- Given data
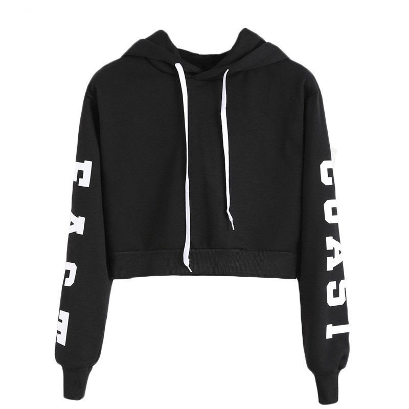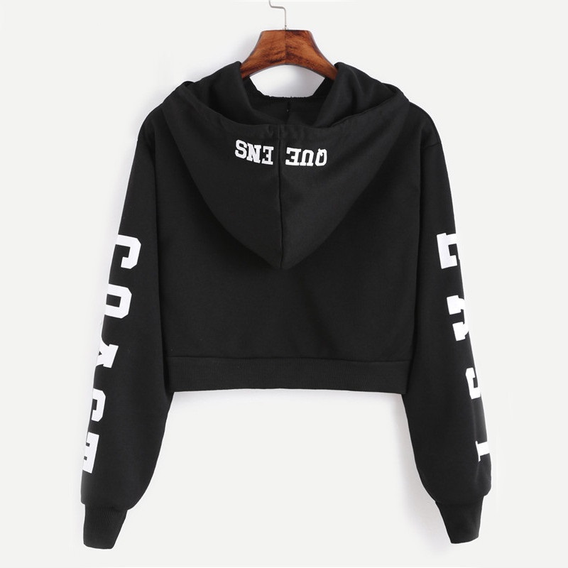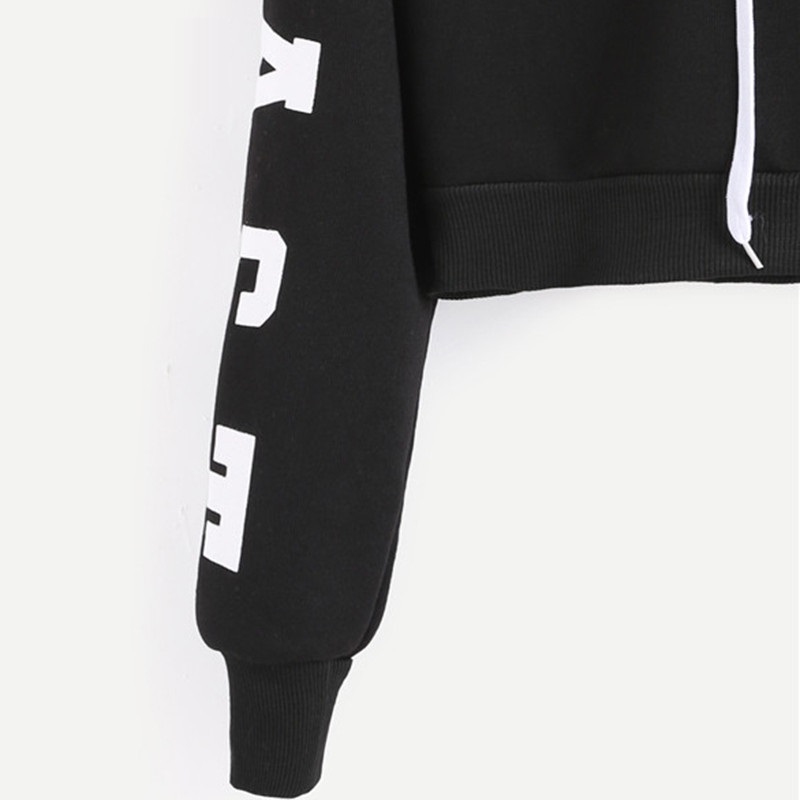 Women Street Wear Hoodie Black Letters Print Crop Long Sleeve Sweatshirt
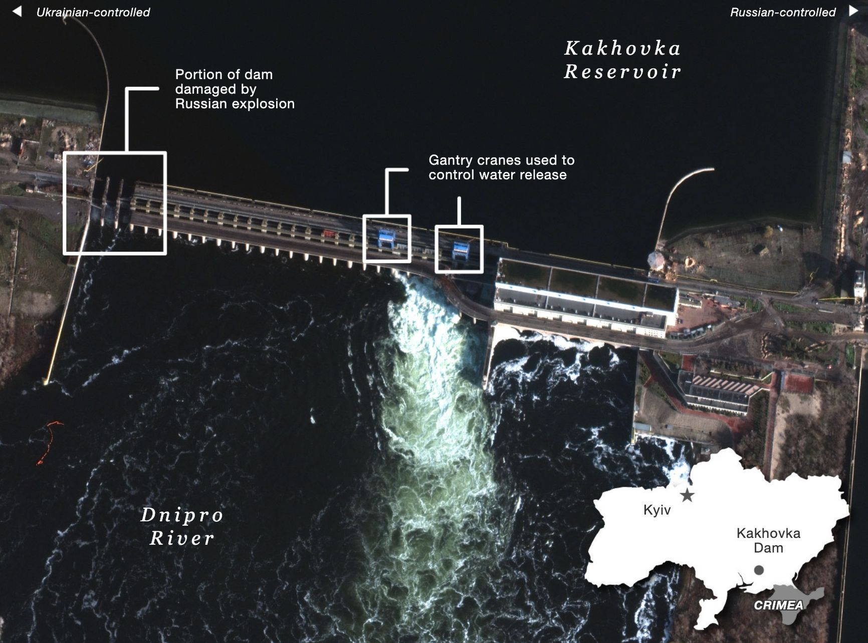 В «Укргидроэнерго» заявили, что сброс осуществляется Россией преднамеренно. Издание NPR отмечает, что сброс не является последствием подрыва полотна на плотине, шлюзы были открыты позже — это видно, если сравнивать спутниковые снимки начала февраля 2023 года и ноября 2022 года, когда был осуществлен подрыв.
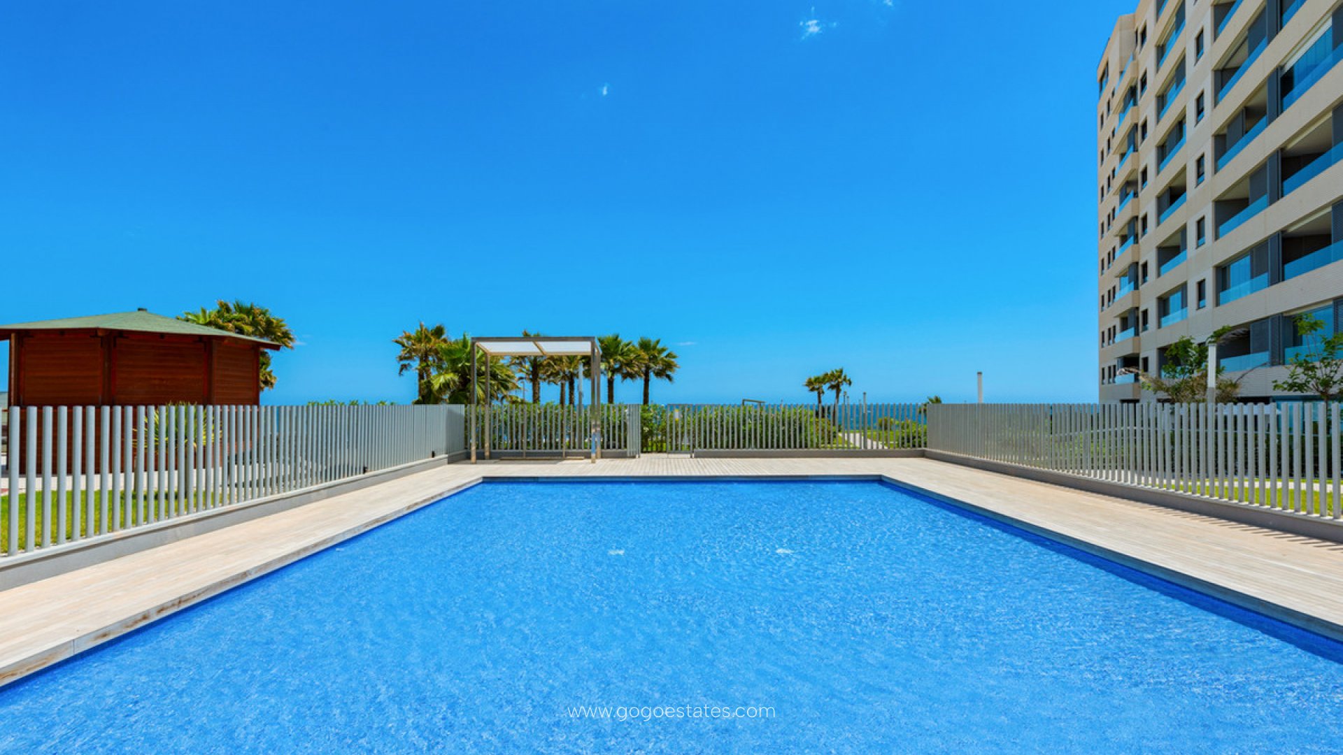 Fantástico y exclusivo apartamento de lujo en primera línea de mar, con 2 dormitorios, en la quinta planta y vistas al mar, situado en la popular zona de Punta Prima, Alicante. Este proyecto de diseño vanguardista se encuentra en una ubicación única, con amplias zonas comunes ajardinadas y unas vistas al mar inmejorables. El apartamento se vende completamente amueblado y consta de un amplio y luminoso salón-comedor, una moderna cocina totalmente equipada, dos dormitorios con armarios empotrados, dos baños con suelo radiante, portero automático, aire acondicionado (frío/calor) en toda la vivienda, una plaza de aparcamiento subterráneo asignada y un trastero. Dispone de un precioso jardín comunitario con varias piscinas, una piscina climatizada, una piscina infantil, una piscina infinita y un jacuzzi.

- Problem to work on
All of the material above needs to be restated exactly, with no pictures.

- Written response
 Women Street Wear Hoodie Black Letters Print Crop Long Sleeve Sweatshirt
 В «Укргидроэнерго» заявили, что сброс осуществляется Россией преднамеренно. Издание NPR отмечает, что сброс не является последствием подрыва полотна на плотине, шлюзы были открыты позже — это видно, если сравнивать спутниковые снимки начала февраля 2023 года и ноября 2022 года, когда был осуществлен подрыв.
 Fantástico y exclusivo apartamento de lujo en primera línea de mar, con 2 dormitorios, en la quinta planta y vistas al mar, situado en la popular zona de Punta Prima, Alicante. Este proyecto de diseño vanguardista se encuentra en una ubicación única, con amplias zonas comunes ajardinadas y unas vistas al mar inmejorables. El apartamento se vende completamente amueblado y consta de un amplio y luminoso salón-comedor, una moderna cocina totalmente equipada, dos dormitorios con armarios empotrados, dos baños con suelo radiante, portero automático, aire acondicionado (frío/calor) en toda la vivienda, una plaza de aparcamiento subterráneo asignada y un trastero. Dispone de un precioso jardín comunitario con varias piscinas, una piscina climatizada, una piscina infantil, una piscina infinita y un jacuzzi.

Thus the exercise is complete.